Cooking instruction summary:

Bring the broth, 4 cups of water, squash, potatoes, and salt to a boil in a large pot. Cover, reduce the heat to medium and simmer for 5 minutes. Add in the swiss chard leaves and corn. Cook for three minutes more. Drain the vegetables, reserving the broth. Stir the chickpeas into the vegetables.Add oil to the same pot and heat over medium-high heat. Add in the onions and saute for 7 minutes, or until beginning to brown. Add in the flour and garlic and cook, stirring constantly, for 1 minute. Slowly pour 4 cups of the reserved broth into the pot. Cook until the sauce thickens, 5-7 minutes, stirring constantly. Stir in the milk.

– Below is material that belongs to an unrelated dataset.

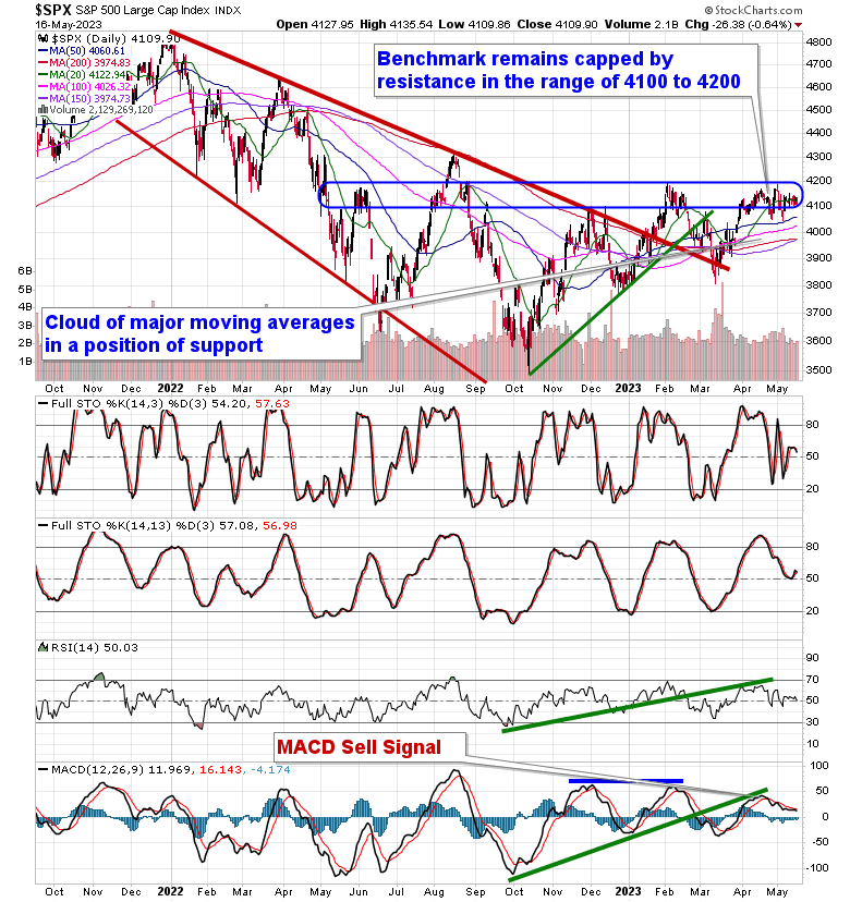 Stocks closed lower on Tuesday as investors monitor the ongoing negotiations on the debt ceiling limit. The S&P 500 Index ended down by nearly two-thirds of one percent, continuing to show struggle in the band of resistance between 4100 and 4200. Support is implied at the congestion of major moving averages in the range of 3950 to 4050. Momentum indicators are converging back on their middle lines in what has become a directionless market, waiting for a catalyst.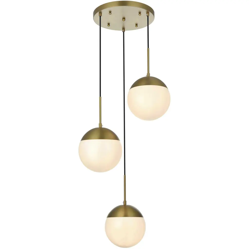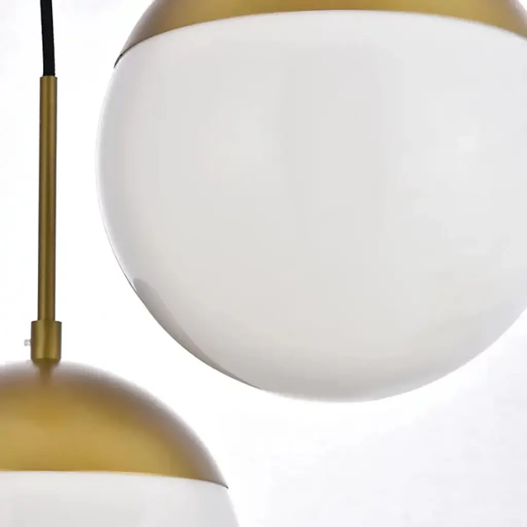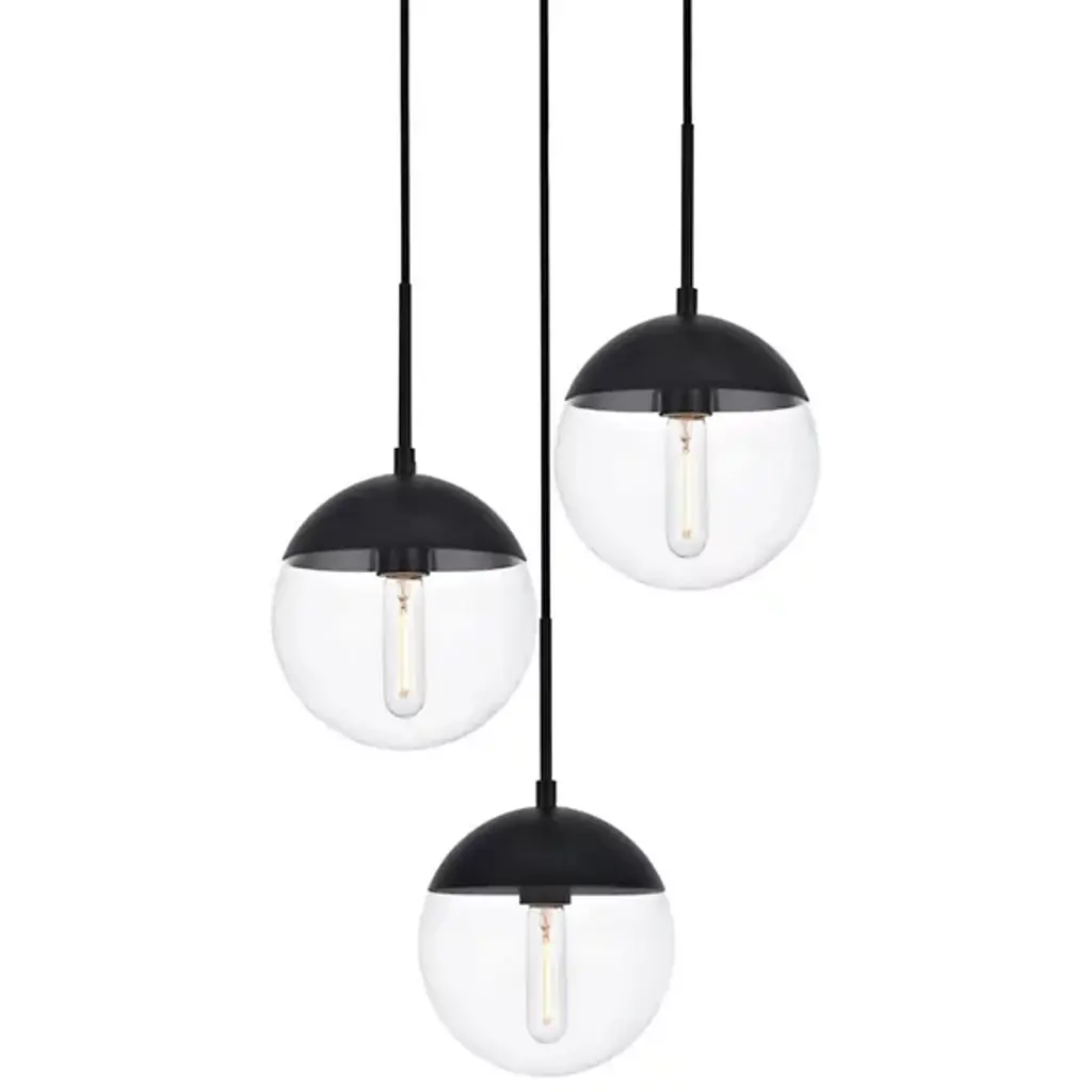 The Eclipse Multi Light Pendant from Elegant Lighting allows you to set the mood from bright and energizing to soft and intimate with its dimmable control. It features three orbs of light, each a perfect fusion of glass and opaque metal, dangling at varying heights from slender cords. Each globe houses a single bulb, its glow diffused by the glass lower half while the metal cap above directs light downward with purpose. The circular canopy anchors this pendant, providing a sleek counterpoint to the spherical shades.

Stir the sauce into the veggies and season to taste with salt and black pepper. Allow to cool slightly.Pour the filling into a 9x13-inch baking pan. Gently roll out the puff pastry to the size of the baking dish and place over the filling, pressing around the edges to seal. Score four diagonal lines into the puff pastry.Bake at 375 for 45-60 minutes, or until the top of the crust is golden brown. Allow to cool for 10 minutes before serving.

 

Step by step:


1. Bring the broth, 4 cups of water, squash, potatoes, and salt to a boil in a large pot. Cover, reduce the heat to medium and simmer for 5 minutes.

2. Add in the swiss chard leaves and corn. Cook for three minutes more.

3. Drain the vegetables, reserving the broth. Stir the chickpeas into the vegetables.

4. Add oil to the same pot and heat over medium-high heat.

5. Add in the onions and saute for 7 minutes, or until beginning to brown.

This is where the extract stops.